Fig. 9: An example of explicit handling of variadic arguments in the test case CTMark/sqlite3.

To solve this issue, a proper ABI for variadic functions needs to be defined. Some exploration has already been done in this area. For instance, NVIDIA GPUs can support the `printf` variadic function. In this case, the front end creates a structure at the call site that accommodates all variadic arguments, and then lowers the function call to `void vprintf(const char *fmt, void *args);`, where the second argument is a pointer to the structure. Fig. 10 demonstrates how this procedure works.

This approach can be extended to support the explicit handling of variadic functions, where both the caller and callee are compiled by the same compiler.

|                                                                  |                                                                                                                                  |
|------------------------------------------------------------------|----------------------------------------------------------------------------------------------------------------------------------|
| <pre>int a; float b; char *c; printf("%d %f %s", a, b, c);</pre> | <pre>int a; float b; char *c; struct {int a; float b; char *c;} s; s.a = a; s.b = b; s.c = c; vprintf("%d %f %s", &amp;s);</pre> |
|------------------------------------------------------------------|----------------------------------------------------------------------------------------------------------------------------------|

(a) Original function call to `printf`. (b) Pseudo code after lowering by `clang`.

Fig. 10: The lowering of `printf` in `clang` for NVIDIA GPUs.

#### 4.5 C++ Exception Handling

Exceptions are a mechanism for handling exceptional circumstances, such as runtime errors, in programs by transferring control to special functions called handlers.
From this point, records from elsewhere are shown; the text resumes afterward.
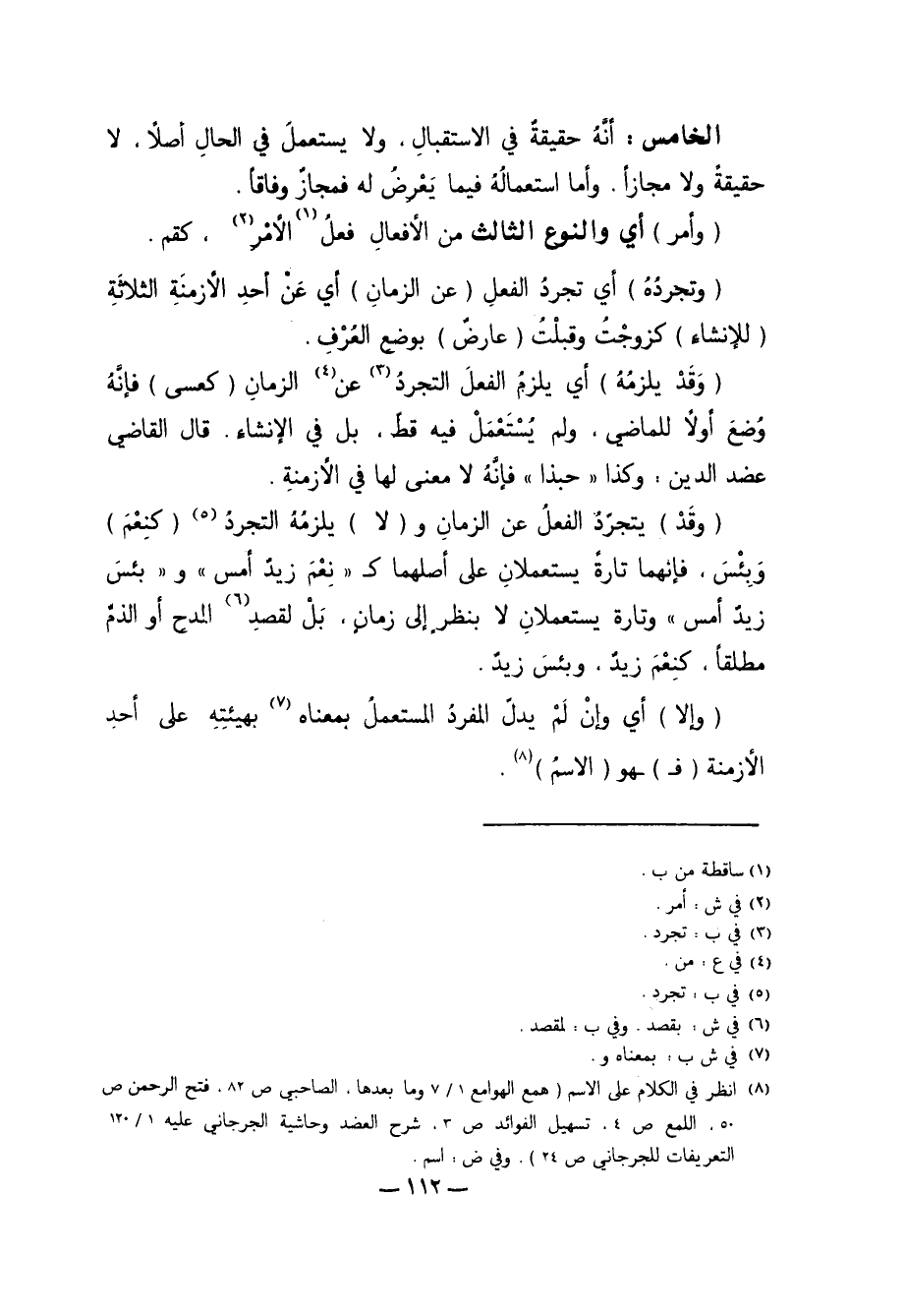 "وَقَدْ يَلْزَمُهُ" أَيْ يَلْزَمُ الْفِعْلَ التَّجَرُّدُ3 عَنْ4 الزَّمَانِ "كَعَسَى" فَإِنَّهُ وُضِعَ أَوَّلاً لِلْمَاضِي، وَلَمْ يُسْتَعْمَلْ فِيهِ قَطُّ، بَلْ فِي الإِنْشَاءِ. قَالَ الْقَاضِي عَضُدُ الدِّينِ: وَكَذَا "حَبَّذَا" فَإِنَّهُ لا مَعْنَى لَهَا فِي الأَزْمِنَةِ.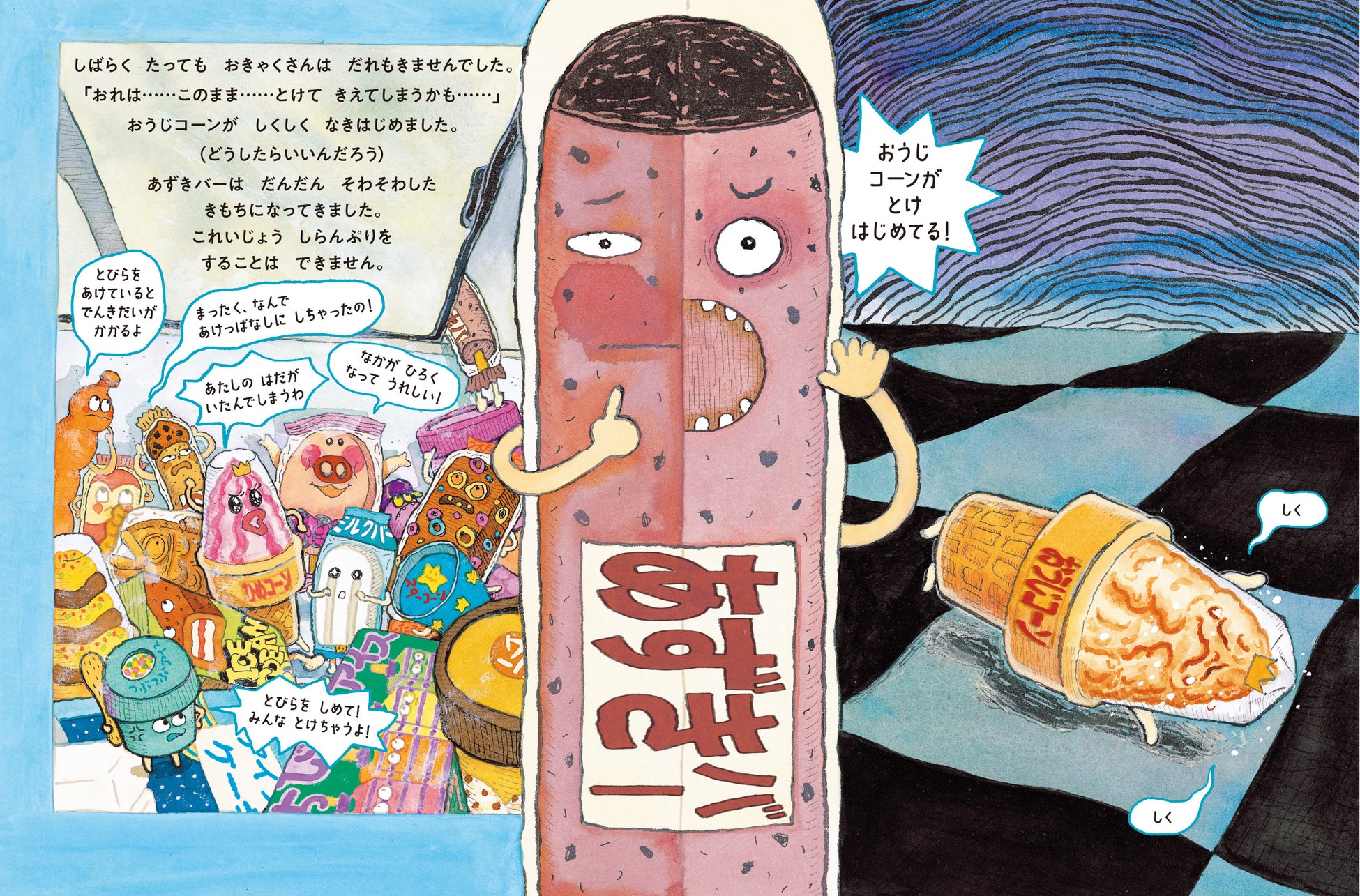 アイスクリームを入れた冷蔵庫のドアを開けたまま寝てしまったお父さん。溶けはじめたアイスを守ろうと、食べ物たちが大奮闘!やがて冷蔵庫の中で大騒ぎが始まって……。韓国で累計20万部突破の大人気シリーズ、邦訳第1弾。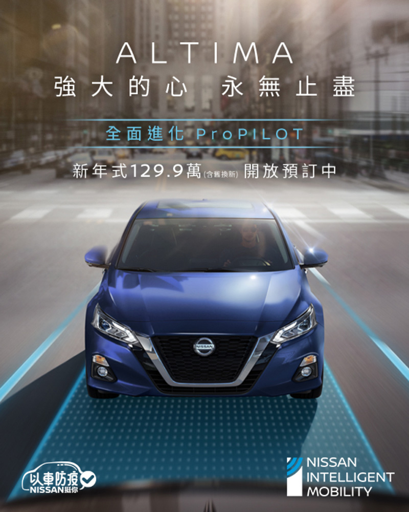 註2:「ProPILOT智駕輔助系統」及「RR-AEB後方防追撞緊急煞車系統」功能說明,請參閱Nissan官網介紹:https://new.nissan.com.tw/nissan/cars/Altima。以上所示智行科技安全系統及其他安全性系統功能可能有條件限制,且此為原廠提供參考數值,實際道路行駛時,可能會受路況、載重、風阻、輪胎狀況、個人駕駛習慣及車輛維護保養等因素影響,使實際數值產生差異。智行科技安全系統僅用於輔助駕駛者,不可替代安全駕駛操作,請確實遵守法令規定,駕駛時應保持警惕,密切留意周遭環境。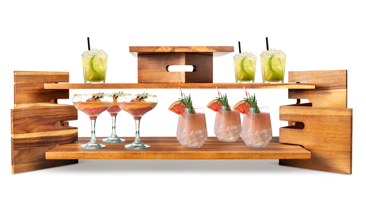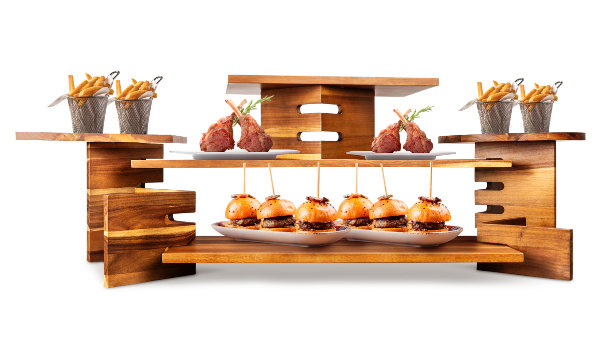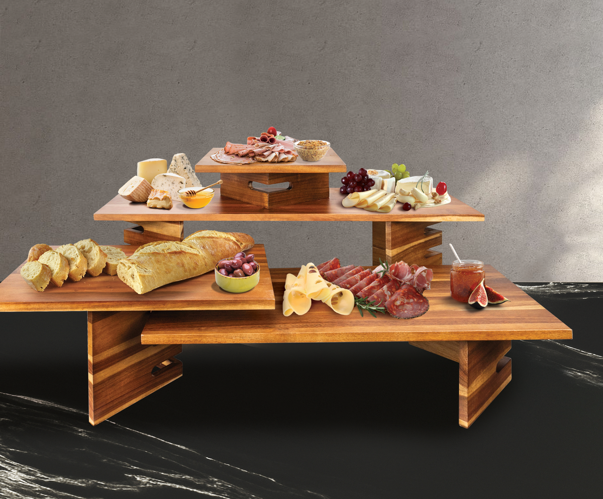Crafted from richly grained teak, the Durawood Collection brings warmth, structure, and endless versatility to your display. Risers interlock, shelves swap, and the whole system nests neatly when service wraps. It’s made to work hard — and look good doing it.

An exception is thrown using the `throw` keyword from inside a `try` block. Exception handlers are declared with the keyword `catch`, which must be placed immediately after the `try` block. However, no GPU compilers supports arbitrary C++ exception handling.
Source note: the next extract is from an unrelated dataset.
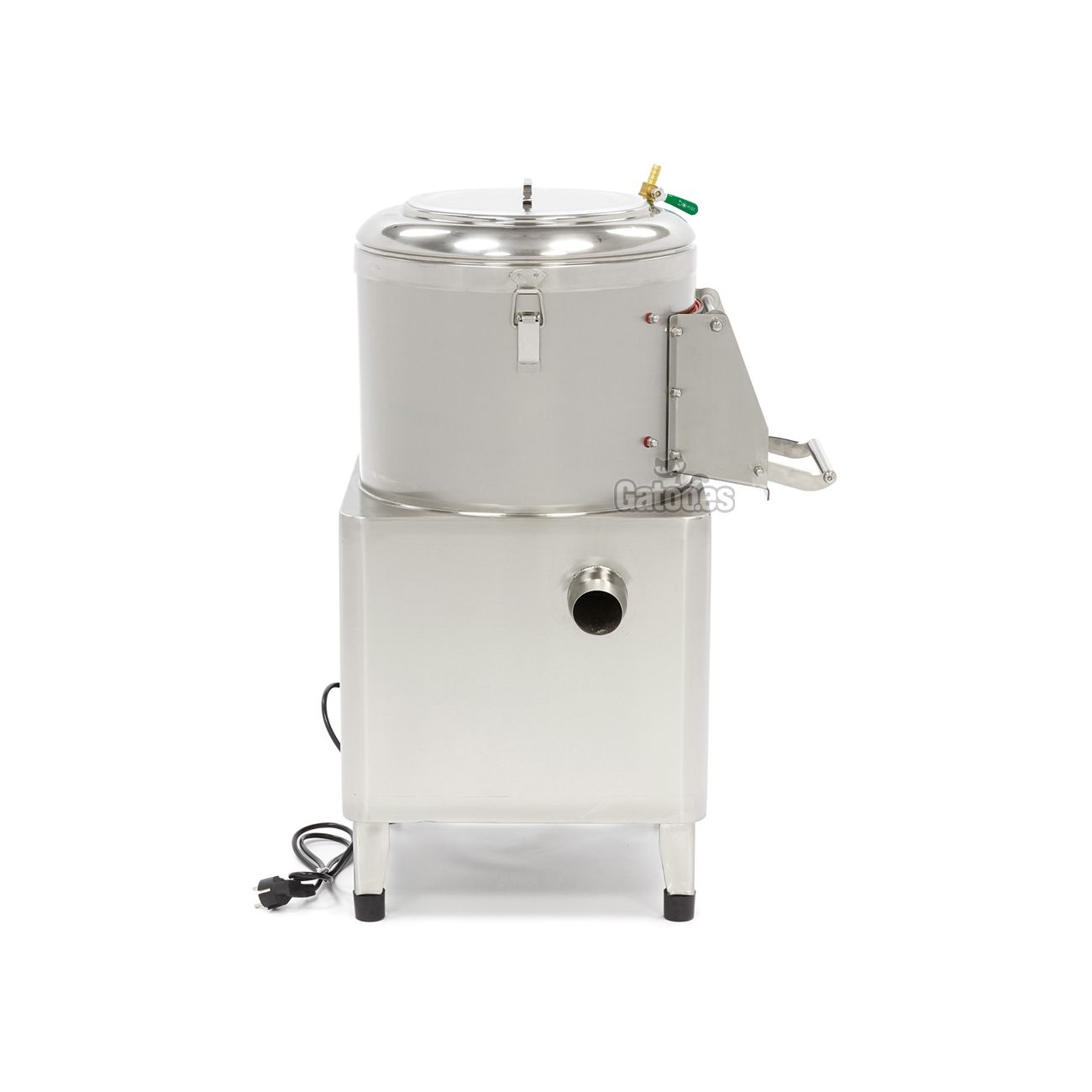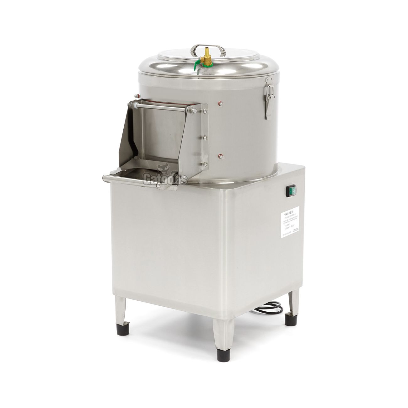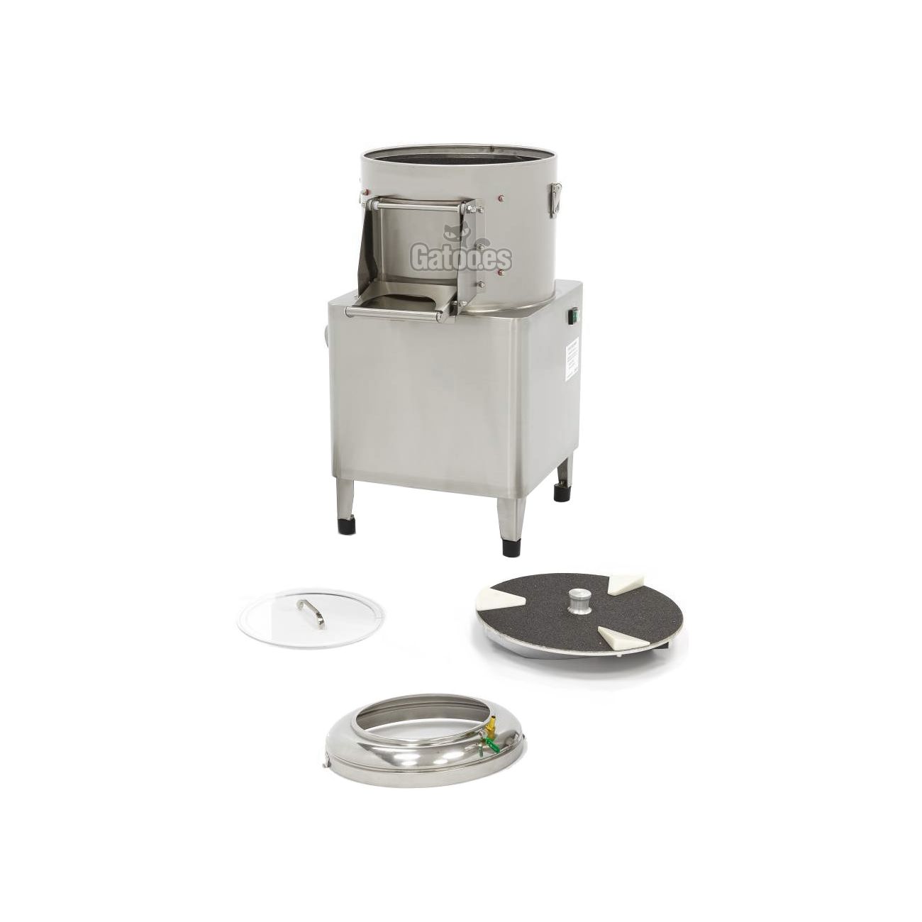 Es un pelador de patatas industrial con carcasa, recipiente y puerta construidos en Acero Inoxidable. Destinada para negocios de hostelería de bares, restaurantes y bufets que tienen un nivel alto de trabajo en sus cocinas y necesitan ahorrar tiempo a la hora de pelar hortalizas. En un ciclo de 2-3 minutos con el recipiente lleno pela hasta 8 kilos de patatas, zanahorias, nabos, remolachas, etc., llegando hasta una producción de 160 kilos por hora.

Full support for exceptions requires features such as stack unwinding, which are not yet available on GPUs. Moreover, the inherent dynamically divergent execution can cause problems on specific (lock step) targets. A reasonable alternative solution is to lower the `throw` expression to a built-in trap that aborts GPU execution. The `catch` statement then becomes a no-op, effectively equivalent to using the `-fno-exceptions` compiler flag except that the syntactic `throw` and `catch` statements would still be allowed.
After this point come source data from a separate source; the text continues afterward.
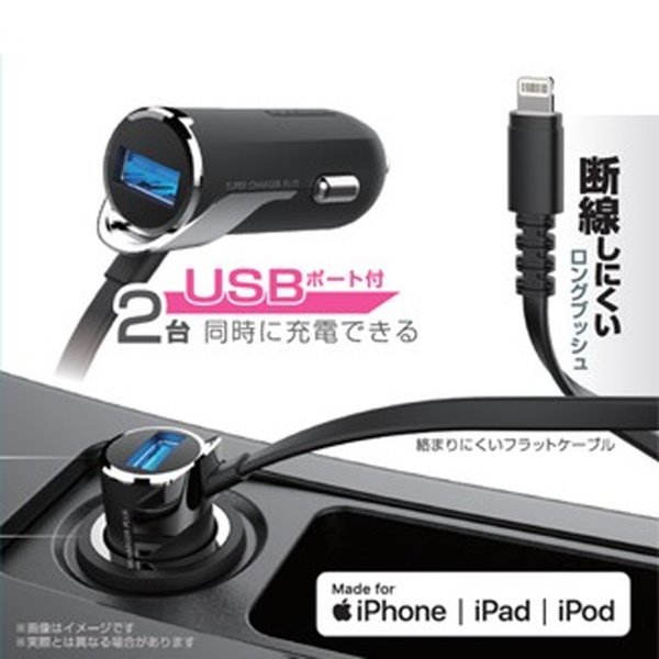 ●車のDCソケット電源からUSBポート+Lightningコネクタで2台同時に充電できるDC充電器。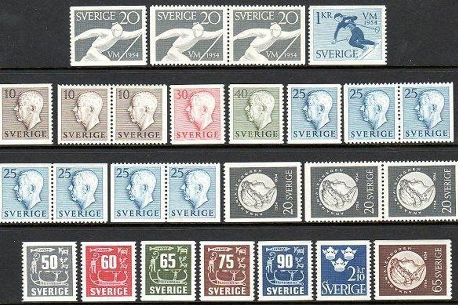 Komplett årssats med samtliga märken utgivna 1954 (F.454-457 inkl. bruksmärken).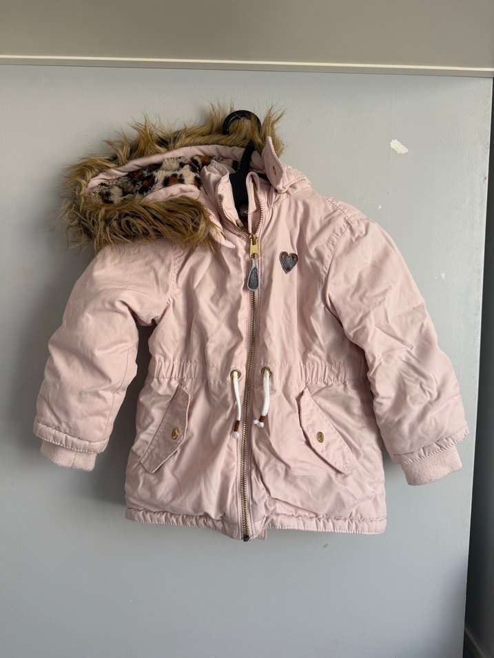 Yumuşak kumaştan yapılmış, kapüşonunda kürk detaylı pembe, fitted kesim kız çocuk mont. Notch yaka ve sokak stiline uygun tasarım içerir. ❄️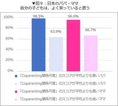 日本では、「Coparenting関係尺度」のスコアが平均よりも高いパパ・ママの9割以上が“よく笑っていると思う”と回答したのに対し(パパ:98.5%、ママ:96.0%)、「Coparenting関係尺度」のスコアが低いパパ・ママでは“よく笑っていると思う”と回答したのは6割程度(パパ:63.9%、ママ:66.7%)に止まっていることが明らかに。

#### 4.6 Variable Length Array

Currently, GPU targets impose a limitation on stack allocation, requiring a statically known size. This constraint poses a challenge when dealing with variable length arrays that necessitate dynamic-sized stack allocation. Although NVIDIA has introduced a preview feature in PTX 7.3 that supports dynamic stack allocation [12], the compiler does not yet provide full support for this feature. To overcome this limitation, an alternative solution is to replace dynamic stack allocation with dynamic heap allocation. To ensure proper memory management, it becomes necessary to insert cleanup code that handles the deallocation of these dynamically allocated variables as their scope is left.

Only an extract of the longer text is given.